Reprinted with permission by Julius Ruechel, www.grass-fed-solutions.com, all rights reserved.
The expression "you are what you eat" also matters to cattle. Although the difference between a grain-rich and a grass-rich diet has an enormous impact on the digestive processes that cattle use during digestion. And that difference doesn't just stop in the cattle's stomach. It affects their health. And it affects the kind of beef they produce. Which ultimately affects you!
Although beef from a grain-rich diet may look and taste nearly identical to grassfed beef produced on a diet rich in pasture grasses and legumes, the nutritional profiles of grainfed and grassfed beef are very different. And that in turn affects your health, because you are also what you eat...
Digesting Plants: the difference between grass and grain Grain and grass are both natural products, grown in a field. They are even part of the same plant.
We call it grass while the plant in its growing, immature stage. We call it grain once the plant reaches maturity and draws all the nutrients back out of the stalk and leaves in order to produce a seed head.
Even corn, wheat, oats, or barley are grasses if they are grazed before the plant sucks the nutrients out of the stalks and leaves in order to create the seeds.
However, while grass and grain can come from the very same plant, they are harvested (by the grazing cow or by humans) at very different stages of the plant’s maturity. This difference in plant maturity at harvest has an enormous impact on cattle digestion.
Cattle evolved to take advantage of grass. Their rumen (the first of their four stomach chambers) is filled with microbes and enzymes specifically designed to break down the tough cellulose structure of grass, allowing cattle to extract proteins and carbohydrates from grass.
You or I would starve to death if we tried to eat grass. Our stomachs were not designed to deal with cellulose. But a cow is a cellulose-busting machine, perfectly tuned to be able to turn grass into energy, fat, and meat.

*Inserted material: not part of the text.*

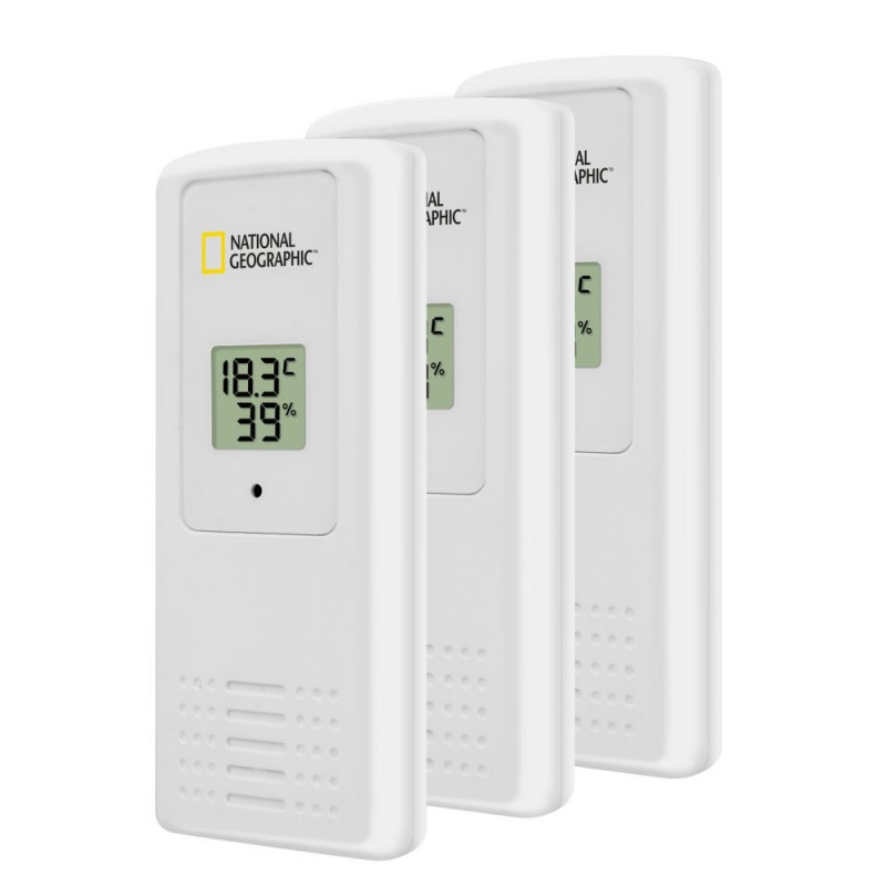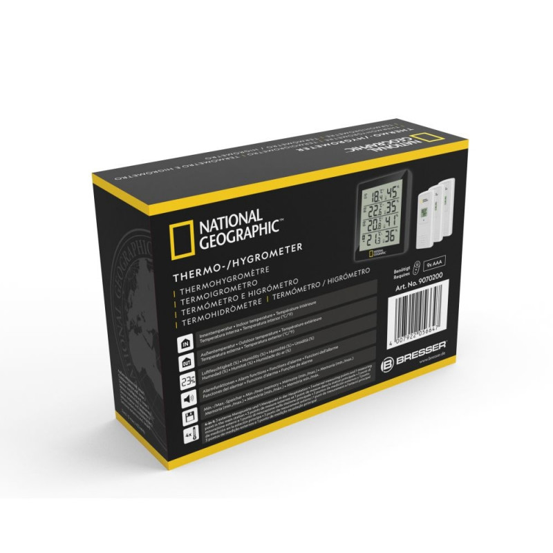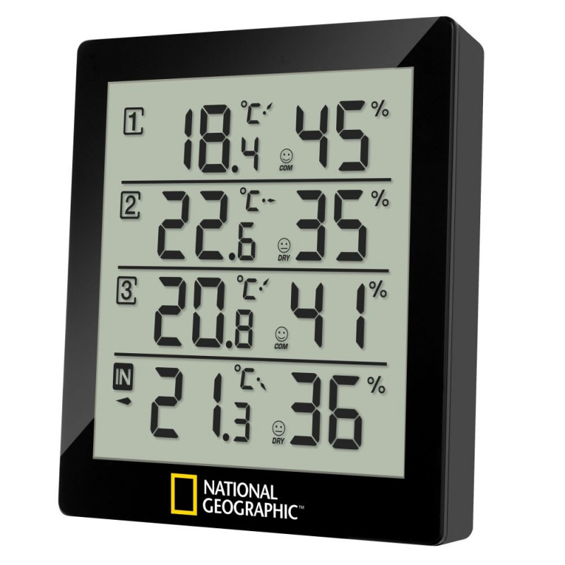 The NATIONAL GEOGRAPHIC thermo-hygrometer offers the possibility to measure temperature and air humidity in or around your house at 4 different locations, with simple monitoring at one location: Is my cellar room too moist and threatened by mould? Is the children's bedroom temperature all well? Is it too hot on the terrace? There are many more options open.

Cows did not, however, evolve to live on grain. Grain requires a completely different set of enzymes for digestion and a completely different digestive process to unlock the nutrients contained inside the grain.
The grass-digesting microbes in the cow’s stomach are not able to crack the tough outer shell of grain and extract the nutrients from it. That requires a totally different set of microbes, which are only present in tiny proportions in the cow’s stomach and are largely inactive while the cow is on a diet low in grain.
Historically, when cattle only consumed a few seeds while grazing, the majority of these seeds would pass through the cow’s stomach largely undigested since the grain-processing microbes were so rare and largely inactive.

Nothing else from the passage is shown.